*Data shown*
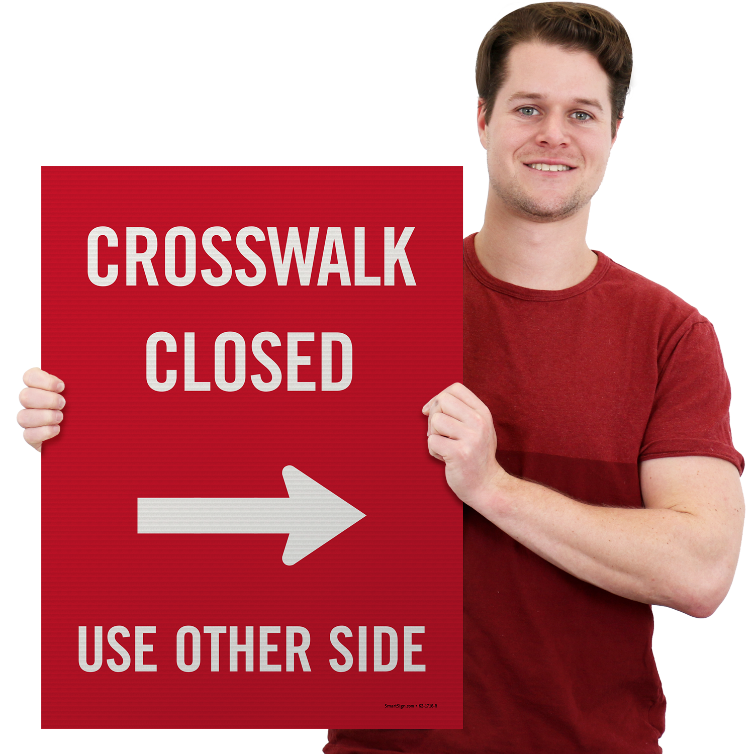 A-Frame Portable Sidewalk Sign: Crosswalk Closed Use Other Side with Left/Right Arrow K-ROLL-1225
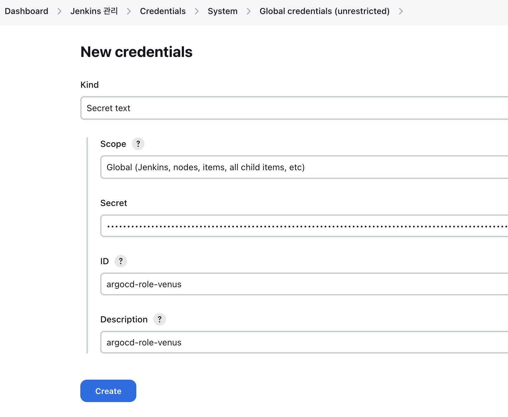 위에서 argocd 에서 설정한 role name과 token을 브라우저에서 Jenkins 에 접속한 후에
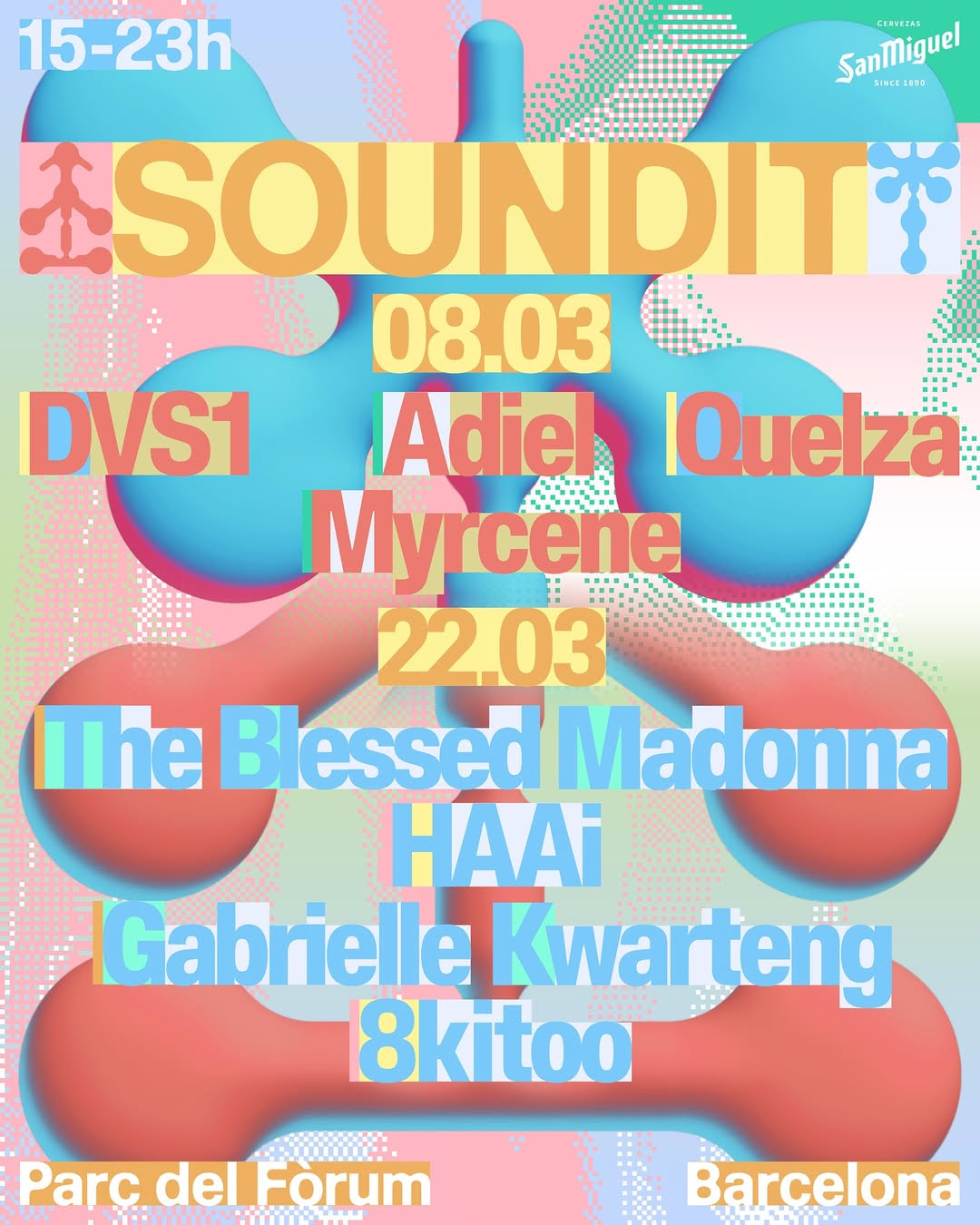 El arranque oficial de temporada será el 8 de marzo con la vuelta al Parc del Fòrum y un cartel encabezado por DVS1, el maestro estadounidense que ha revolucionado la escena electrónica con una visión de la cultura de club adelantada a su tiempo. Con él, tres artistas que ayudarán a rubricar el primer evento del año en este recinto: Adiel, DJ y productora italiana conocida por sus sets en los que mezcla techno con ritmos más bailables como buena heredera de la tradición electrónica del país transalpino, Quelza, artista francés afincado en Berlín cuyo universo sonoro orbita alrededor del techno con influencias IDM y Myrcene, talento del underground barcelonés que traerá a la pista una buena dosis de electrónica fresca e irreverente. Una combinación infalible para inaugurar la temporada de SOUNDIT con el espíritu festivo al máximo.
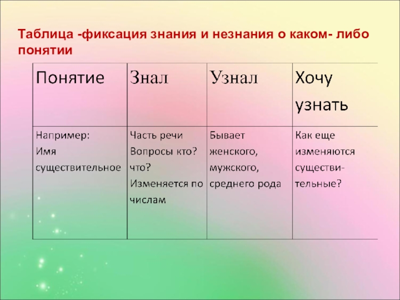 Слайд 64Таблица -фиксация знания и незнания о каком- либо понятии

*Work task*
Pictures included in the data should be dropped; everything else must be repeated exactly.

*Solution to this exercise*
 A-Frame Portable Sidewalk Sign: Crosswalk Closed Use Other Side with Left/Right Arrow K-ROLL-1225
 위에서 argocd 에서 설정한 role name과 token을 브라우저에서 Jenkins 에 접속한 후에
 El arranque oficial de temporada será el 8 de marzo con la vuelta al Parc del Fòrum y un cartel encabezado por DVS1, el maestro estadounidense que ha revolucionado la escena electrónica con una visión de la cultura de club adelantada a su tiempo. Con él, tres artistas que ayudarán a rubricar el primer evento del año en este recinto: Adiel, DJ y productora italiana conocida por sus sets en los que mezcla techno con ritmos más bailables como buena heredera de la tradición electrónica del país transalpino, Quelza, artista francés afincado en Berlín cuyo universo sonoro orbita alrededor del techno con influencias IDM y Myrcene, talento del underground barcelonés que traerá a la pista una buena dosis de electrónica fresca e irreverente. Una combinación infalible para inaugurar la temporada de SOUNDIT con el espíritu festivo al máximo.
 Слайд 64Таблица -фиксация знания и незнания о каком- либо понятии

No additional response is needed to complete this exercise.